▸ **Aim of the task**:
Please return exactly the lines from the top of the data through the line that contains "9. AMIDNSO SEQAUR NEGRAD", and skip all pictures.

*** Opening Supplied records ***

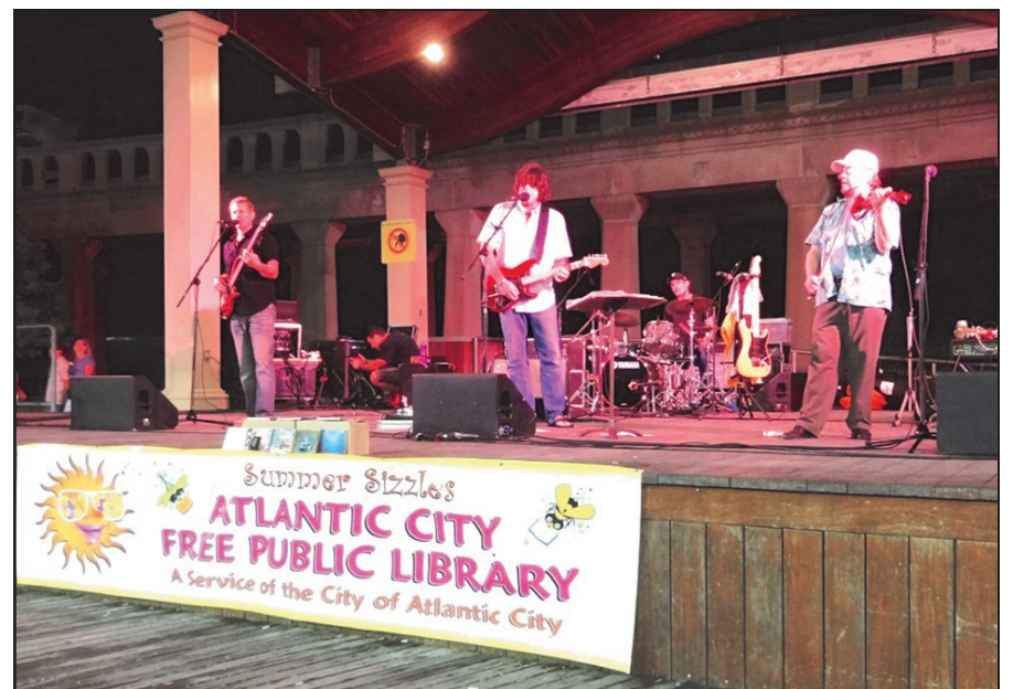
The Barley Boys, who play original, traditional and contemporary Irish music, are scheduled to perform at the Atlantic City Library International Night Series on Aug. 14. The group dazzled the crowd at last year's series.

Please check the July/August issue of Discovery or visit www.acfpl.org in coming weeks for the complete schedule.
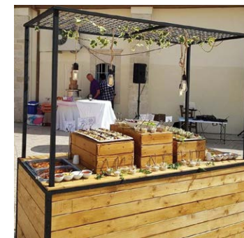
HANDMADE WOODEN BUFFET CART
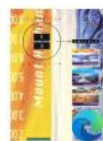
No. 1 circa Jun 1994.pdf
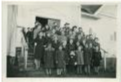
Port Simpson, B.C.: school, church, hospital (13d-c5702-d17-p16)
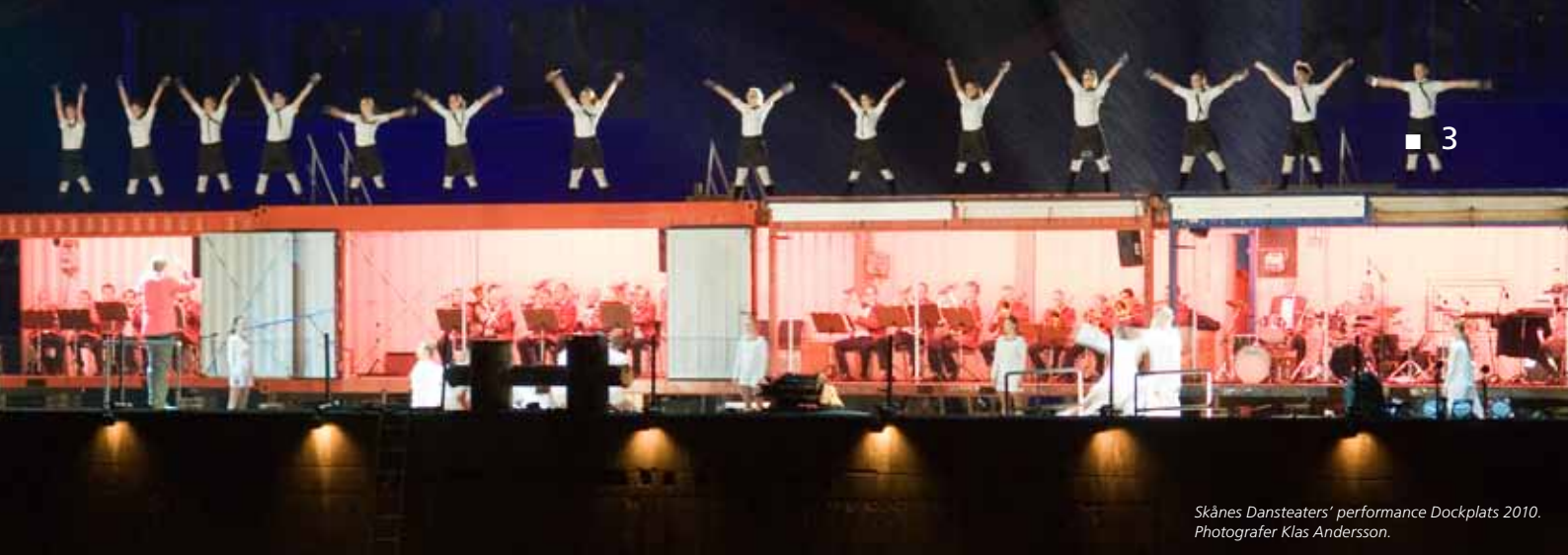
Skånes Dansteaters' performance Dockplats 2010.
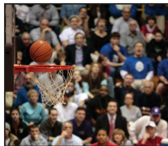
9. AMIDNSO SEQAUR NEGRAD
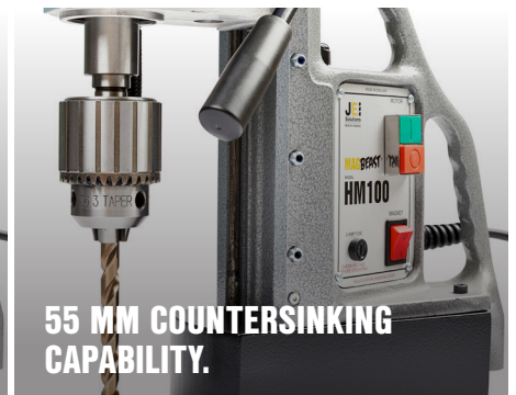
55 MM COUNTERSINKING CAPABILITY.
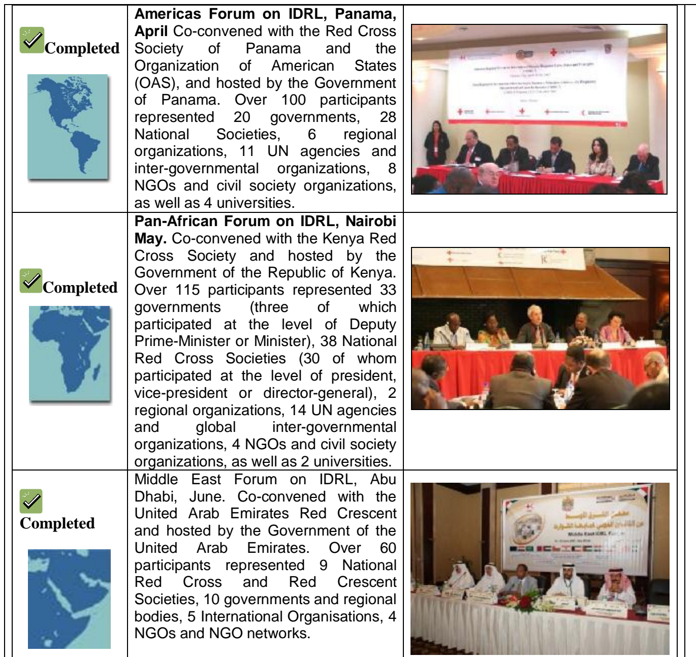
Table 3: Recent Results

In direct preparation for the 30 th International Conference, three new regional consultative forums on IDRL were completed this year, after the organization of the European and Asia-Pacific forums on IDRL in 2006. These IDRL Forums have focused on building consensus among major stakeholders involved in disaster response. Through the substantive and working group sessions, a wide variety of stakeholders have had direct input into the progressive shaping of the Draft IDRL Guidelines. For more information on the regional forums, please refer to http://www.ifrc.org/what/disasters/idrl/advocacy/regional.asp

*** Closing Supplied records ***

▸ **Written solution**:
The Barley Boys, who play original, traditional and contemporary Irish music, are scheduled to perform at the Atlantic City Library International Night Series on Aug. 14. The group dazzled the crowd at last year's series.

Please check the July/August issue of Discovery or visit www.acfpl.org in coming weeks for the complete schedule.
HANDMADE WOODEN BUFFET CART
No. 1 circa Jun 1994.pdf
Port Simpson, B.C.: school, church, hospital (13d-c5702-d17-p16)
Skånes Dansteaters' performance Dockplats 2010.
9. AMIDNSO SEQAUR NEGRAD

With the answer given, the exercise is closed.